Why floats suck - accurate galaxy-wide coordinates in 128 bits - peterhajas
http://www.facepunch.com/content/119-Why-floats-suck.
======
mturk
I am an astrophysicist, and I deal with this issue directly. In my
simulations, I do deeply nested Adaptive Mesh Refinement calculations. These
simulations run inside an Eulerian grid, where each cell contains a fluid
element. These cells are collected into grid patches. When a cell inside a
given grid exceeds some criteria, we refine it by inserting 8 cells; the next
level of cells are then collected and minimum bounding boxes are created that
cover the flagged cells, and we compute now at an additional 'level' of
refinement.

My research concerns the formation of the first stars in the universe. In
order to set up the initial conditions of these objects correctly, we have to
resolve fluctuations in the background density of the Universe on the scale of
kiloparsecs. However, we are also mostly concerned about how the fluid behaves
on much smaller scales, at the tens to hundreds to thousands of AU scale, all
the way down to the radius of the sun or even lower.

In one of my "stunt" runs, I ran up to 42 levels of refinement inside a box;
this means that the dynamic range between the coarsest cells and the finest
cells was 2^42. For the most part, however, we only use about 30-33 levels of
refinement.

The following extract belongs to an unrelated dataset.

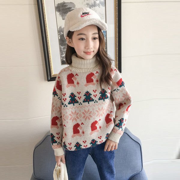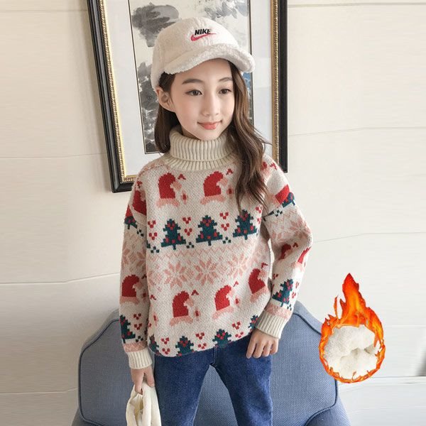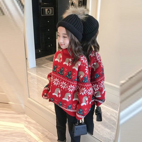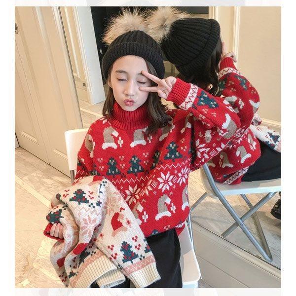 | nameOriginal | Girls' turtleneck sweater autumn and winter 2022 new Korean version of fleece-lined red thick Christmas New Year children's sweater tide |

In order to attain this resolution, we utilize extended precision
positioning. (Future versions of the code will utilize integer positioning
with relative offsets for Lagrangian elements like particles.) Inserting this
functionality into the code took quite a bit of debugging and testing, in
particular because we had to account for differences in how Intel, PGI and GNU
passed extended precision values back and forth between Fortran and C.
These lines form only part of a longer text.